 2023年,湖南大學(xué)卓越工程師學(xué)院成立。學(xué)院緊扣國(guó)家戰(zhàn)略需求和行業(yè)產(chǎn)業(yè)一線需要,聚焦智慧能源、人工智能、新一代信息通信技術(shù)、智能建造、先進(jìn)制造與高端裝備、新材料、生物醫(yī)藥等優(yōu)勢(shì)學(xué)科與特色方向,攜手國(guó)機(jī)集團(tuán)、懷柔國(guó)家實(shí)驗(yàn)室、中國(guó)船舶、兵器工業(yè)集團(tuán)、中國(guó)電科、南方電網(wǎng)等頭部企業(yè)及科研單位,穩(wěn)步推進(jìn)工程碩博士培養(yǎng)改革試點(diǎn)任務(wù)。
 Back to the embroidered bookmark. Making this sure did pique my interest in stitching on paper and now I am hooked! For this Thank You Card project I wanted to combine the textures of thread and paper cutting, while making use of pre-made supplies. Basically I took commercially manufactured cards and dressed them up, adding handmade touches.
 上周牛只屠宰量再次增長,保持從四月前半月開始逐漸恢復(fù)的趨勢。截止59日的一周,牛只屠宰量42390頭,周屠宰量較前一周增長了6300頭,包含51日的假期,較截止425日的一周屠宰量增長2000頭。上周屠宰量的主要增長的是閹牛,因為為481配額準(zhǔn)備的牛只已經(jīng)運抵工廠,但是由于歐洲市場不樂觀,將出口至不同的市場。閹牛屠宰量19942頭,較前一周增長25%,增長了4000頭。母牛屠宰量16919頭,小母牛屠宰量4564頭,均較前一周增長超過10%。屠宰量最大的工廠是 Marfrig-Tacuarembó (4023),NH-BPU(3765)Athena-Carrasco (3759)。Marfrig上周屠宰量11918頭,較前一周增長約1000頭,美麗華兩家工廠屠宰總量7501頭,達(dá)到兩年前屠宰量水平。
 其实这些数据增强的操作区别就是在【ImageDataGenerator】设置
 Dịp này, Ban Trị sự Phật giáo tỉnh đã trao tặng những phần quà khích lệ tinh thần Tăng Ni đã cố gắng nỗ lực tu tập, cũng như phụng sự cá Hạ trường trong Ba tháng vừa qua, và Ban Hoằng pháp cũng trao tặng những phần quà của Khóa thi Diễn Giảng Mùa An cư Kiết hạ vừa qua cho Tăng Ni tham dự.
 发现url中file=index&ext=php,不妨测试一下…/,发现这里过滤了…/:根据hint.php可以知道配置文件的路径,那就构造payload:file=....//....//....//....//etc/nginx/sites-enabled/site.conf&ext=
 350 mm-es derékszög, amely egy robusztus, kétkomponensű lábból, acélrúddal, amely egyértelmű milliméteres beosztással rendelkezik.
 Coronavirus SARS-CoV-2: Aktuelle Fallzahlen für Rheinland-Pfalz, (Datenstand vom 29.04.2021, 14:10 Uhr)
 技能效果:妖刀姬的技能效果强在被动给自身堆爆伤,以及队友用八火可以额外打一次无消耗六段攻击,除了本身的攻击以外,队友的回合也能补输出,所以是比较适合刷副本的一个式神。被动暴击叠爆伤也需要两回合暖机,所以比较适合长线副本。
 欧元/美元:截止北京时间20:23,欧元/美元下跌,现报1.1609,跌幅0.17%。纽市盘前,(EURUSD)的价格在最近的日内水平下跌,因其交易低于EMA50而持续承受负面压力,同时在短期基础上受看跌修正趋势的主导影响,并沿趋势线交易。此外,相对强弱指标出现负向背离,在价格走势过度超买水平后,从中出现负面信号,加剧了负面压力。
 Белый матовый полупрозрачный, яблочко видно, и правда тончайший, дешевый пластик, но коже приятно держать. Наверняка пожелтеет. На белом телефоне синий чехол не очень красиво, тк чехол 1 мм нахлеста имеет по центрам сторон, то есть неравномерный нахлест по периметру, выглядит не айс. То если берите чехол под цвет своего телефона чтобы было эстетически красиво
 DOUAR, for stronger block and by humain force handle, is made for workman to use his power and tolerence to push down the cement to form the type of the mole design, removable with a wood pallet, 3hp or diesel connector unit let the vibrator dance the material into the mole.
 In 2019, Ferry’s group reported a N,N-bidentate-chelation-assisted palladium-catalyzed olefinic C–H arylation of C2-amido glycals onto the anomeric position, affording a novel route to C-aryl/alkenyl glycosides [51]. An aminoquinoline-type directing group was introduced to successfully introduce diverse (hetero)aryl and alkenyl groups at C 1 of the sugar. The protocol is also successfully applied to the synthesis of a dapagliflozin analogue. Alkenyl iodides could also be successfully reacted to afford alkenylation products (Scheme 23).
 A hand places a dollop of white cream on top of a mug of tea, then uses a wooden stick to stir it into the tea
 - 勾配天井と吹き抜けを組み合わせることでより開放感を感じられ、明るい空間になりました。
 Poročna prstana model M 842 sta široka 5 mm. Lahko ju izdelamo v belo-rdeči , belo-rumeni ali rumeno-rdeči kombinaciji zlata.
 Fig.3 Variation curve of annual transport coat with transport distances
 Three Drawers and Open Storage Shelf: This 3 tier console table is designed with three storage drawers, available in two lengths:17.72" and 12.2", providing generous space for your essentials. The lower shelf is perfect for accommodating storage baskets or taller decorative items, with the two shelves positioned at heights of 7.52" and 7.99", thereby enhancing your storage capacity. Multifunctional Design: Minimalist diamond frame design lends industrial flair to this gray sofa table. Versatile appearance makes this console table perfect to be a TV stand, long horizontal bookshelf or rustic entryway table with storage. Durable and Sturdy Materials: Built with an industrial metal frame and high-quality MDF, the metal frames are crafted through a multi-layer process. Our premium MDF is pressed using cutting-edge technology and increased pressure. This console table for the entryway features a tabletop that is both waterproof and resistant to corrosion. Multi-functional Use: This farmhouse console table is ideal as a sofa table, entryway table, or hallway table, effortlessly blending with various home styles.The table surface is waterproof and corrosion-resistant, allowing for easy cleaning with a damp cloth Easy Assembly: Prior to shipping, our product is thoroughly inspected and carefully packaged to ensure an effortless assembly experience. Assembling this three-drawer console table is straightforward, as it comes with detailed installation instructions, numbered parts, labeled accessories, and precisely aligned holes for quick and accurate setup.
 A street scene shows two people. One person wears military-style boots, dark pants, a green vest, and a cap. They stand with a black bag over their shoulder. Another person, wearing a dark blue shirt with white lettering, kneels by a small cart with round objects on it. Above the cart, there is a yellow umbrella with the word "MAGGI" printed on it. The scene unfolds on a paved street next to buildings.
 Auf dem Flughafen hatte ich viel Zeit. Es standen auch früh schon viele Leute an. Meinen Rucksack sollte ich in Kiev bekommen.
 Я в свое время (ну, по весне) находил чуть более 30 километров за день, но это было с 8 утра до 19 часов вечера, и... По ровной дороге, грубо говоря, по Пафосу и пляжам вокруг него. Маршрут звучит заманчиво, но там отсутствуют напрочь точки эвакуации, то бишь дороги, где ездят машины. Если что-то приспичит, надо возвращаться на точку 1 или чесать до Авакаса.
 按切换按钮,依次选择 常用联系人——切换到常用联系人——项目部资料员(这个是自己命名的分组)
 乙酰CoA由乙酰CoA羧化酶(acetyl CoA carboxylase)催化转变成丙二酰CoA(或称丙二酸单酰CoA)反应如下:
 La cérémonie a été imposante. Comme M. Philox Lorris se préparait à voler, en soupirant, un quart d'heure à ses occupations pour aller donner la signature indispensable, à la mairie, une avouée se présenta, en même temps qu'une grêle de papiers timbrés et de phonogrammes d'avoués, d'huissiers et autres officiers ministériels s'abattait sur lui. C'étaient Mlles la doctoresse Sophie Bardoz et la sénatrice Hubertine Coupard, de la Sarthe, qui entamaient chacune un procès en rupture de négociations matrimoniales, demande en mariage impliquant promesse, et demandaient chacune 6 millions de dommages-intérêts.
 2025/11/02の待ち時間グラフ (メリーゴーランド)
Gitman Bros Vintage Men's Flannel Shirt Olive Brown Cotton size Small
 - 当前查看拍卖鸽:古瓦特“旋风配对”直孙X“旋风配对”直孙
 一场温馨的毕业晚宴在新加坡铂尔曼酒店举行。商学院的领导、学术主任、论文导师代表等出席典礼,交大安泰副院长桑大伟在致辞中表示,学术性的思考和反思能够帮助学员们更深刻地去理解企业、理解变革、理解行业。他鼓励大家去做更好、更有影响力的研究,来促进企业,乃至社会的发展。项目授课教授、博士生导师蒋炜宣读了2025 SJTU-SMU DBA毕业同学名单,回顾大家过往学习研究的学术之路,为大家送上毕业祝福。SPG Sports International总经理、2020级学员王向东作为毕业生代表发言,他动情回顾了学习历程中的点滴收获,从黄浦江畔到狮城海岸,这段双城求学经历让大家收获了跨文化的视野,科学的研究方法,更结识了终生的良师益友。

--------------------------------------------------

## [Description of the task]
Set down again, word for word, the stretch of records from the line with "- 勾配天井と吹き抜けを組み" to the line with "Fig.3 Variation curve", both of those lines included.

## [Expected output]
 - 勾配天井と吹き抜けを組み合わせることでより開放感を感じられ、明るい空間になりました。
 Poročna prstana model M 842 sta široka 5 mm. Lahko ju izdelamo v belo-rdeči , belo-rumeni ali rumeno-rdeči kombinaciji zlata.
 Fig.3 Variation curve of annual transport coat with transport distances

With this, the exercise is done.